Please restate each line of the material word for word and omit any pictures.

**Supplied material:**
=== Begin Enclosure ===

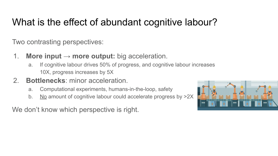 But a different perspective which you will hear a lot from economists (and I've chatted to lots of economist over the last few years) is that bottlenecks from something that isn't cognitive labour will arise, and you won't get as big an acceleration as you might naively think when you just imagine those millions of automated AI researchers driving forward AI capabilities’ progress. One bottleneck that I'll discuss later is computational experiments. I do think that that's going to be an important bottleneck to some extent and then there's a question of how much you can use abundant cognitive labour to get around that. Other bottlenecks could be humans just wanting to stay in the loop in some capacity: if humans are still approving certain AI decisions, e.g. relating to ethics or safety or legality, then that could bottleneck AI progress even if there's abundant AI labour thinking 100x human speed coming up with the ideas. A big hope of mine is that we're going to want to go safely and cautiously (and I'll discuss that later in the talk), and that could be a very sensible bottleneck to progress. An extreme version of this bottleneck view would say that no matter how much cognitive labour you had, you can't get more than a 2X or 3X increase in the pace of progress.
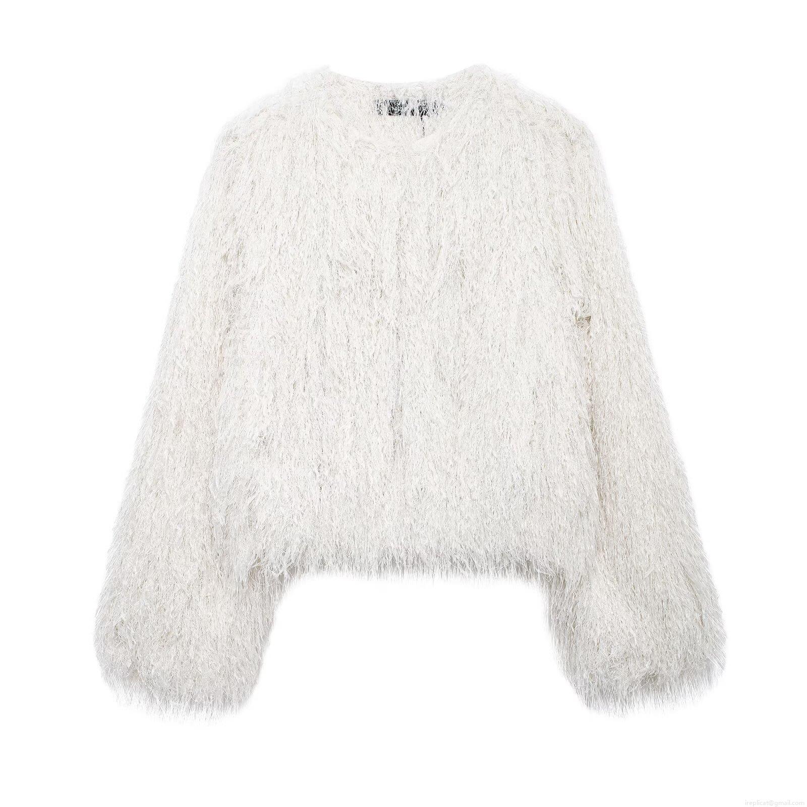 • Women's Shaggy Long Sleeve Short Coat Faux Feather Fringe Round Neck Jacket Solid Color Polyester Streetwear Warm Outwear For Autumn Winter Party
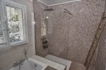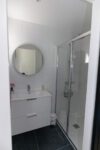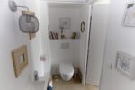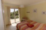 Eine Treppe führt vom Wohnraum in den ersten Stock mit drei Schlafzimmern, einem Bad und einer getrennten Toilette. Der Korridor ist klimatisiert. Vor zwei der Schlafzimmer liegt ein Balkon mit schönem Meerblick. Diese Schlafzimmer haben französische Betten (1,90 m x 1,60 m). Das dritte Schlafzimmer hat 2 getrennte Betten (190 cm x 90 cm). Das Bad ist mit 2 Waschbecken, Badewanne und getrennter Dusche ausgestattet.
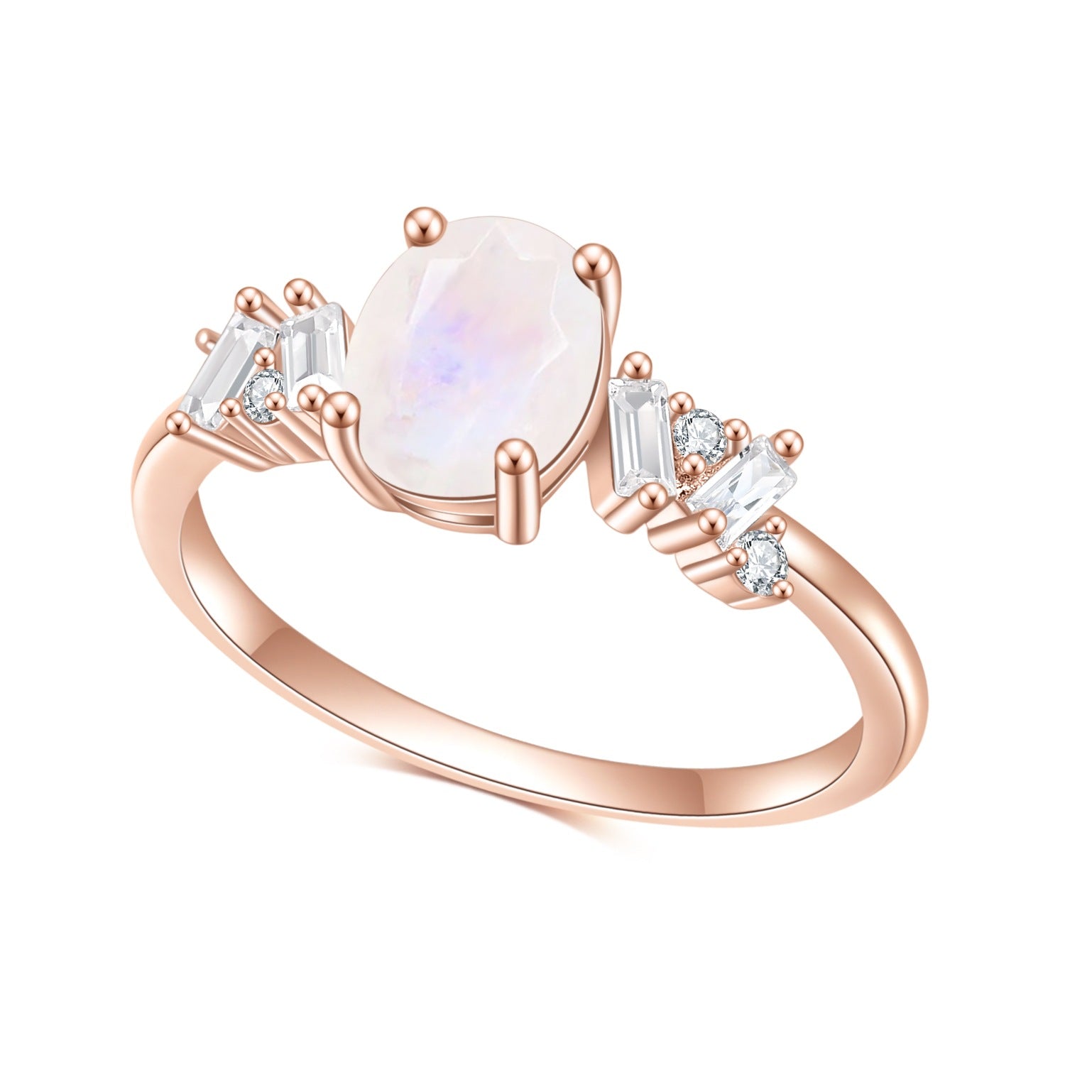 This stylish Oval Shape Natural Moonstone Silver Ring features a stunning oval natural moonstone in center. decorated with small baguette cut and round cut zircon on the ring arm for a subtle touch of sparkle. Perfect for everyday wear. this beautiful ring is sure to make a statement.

=== End Enclosure ===

**Written answer:**
 But a different perspective which you will hear a lot from economists (and I've chatted to lots of economist over the last few years) is that bottlenecks from something that isn't cognitive labour will arise, and you won't get as big an acceleration as you might naively think when you just imagine those millions of automated AI researchers driving forward AI capabilities’ progress. One bottleneck that I'll discuss later is computational experiments. I do think that that's going to be an important bottleneck to some extent and then there's a question of how much you can use abundant cognitive labour to get around that. Other bottlenecks could be humans just wanting to stay in the loop in some capacity: if humans are still approving certain AI decisions, e.g. relating to ethics or safety or legality, then that could bottleneck AI progress even if there's abundant AI labour thinking 100x human speed coming up with the ideas. A big hope of mine is that we're going to want to go safely and cautiously (and I'll discuss that later in the talk), and that could be a very sensible bottleneck to progress. An extreme version of this bottleneck view would say that no matter how much cognitive labour you had, you can't get more than a 2X or 3X increase in the pace of progress.
 • Women's Shaggy Long Sleeve Short Coat Faux Feather Fringe Round Neck Jacket Solid Color Polyester Streetwear Warm Outwear For Autumn Winter Party
 Eine Treppe führt vom Wohnraum in den ersten Stock mit drei Schlafzimmern, einem Bad und einer getrennten Toilette. Der Korridor ist klimatisiert. Vor zwei der Schlafzimmer liegt ein Balkon mit schönem Meerblick. Diese Schlafzimmer haben französische Betten (1,90 m x 1,60 m). Das dritte Schlafzimmer hat 2 getrennte Betten (190 cm x 90 cm). Das Bad ist mit 2 Waschbecken, Badewanne und getrennter Dusche ausgestattet.
 This stylish Oval Shape Natural Moonstone Silver Ring features a stunning oval natural moonstone in center. decorated with small baguette cut and round cut zircon on the ring arm for a subtle touch of sparkle. Perfect for everyday wear. this beautiful ring is sure to make a statement.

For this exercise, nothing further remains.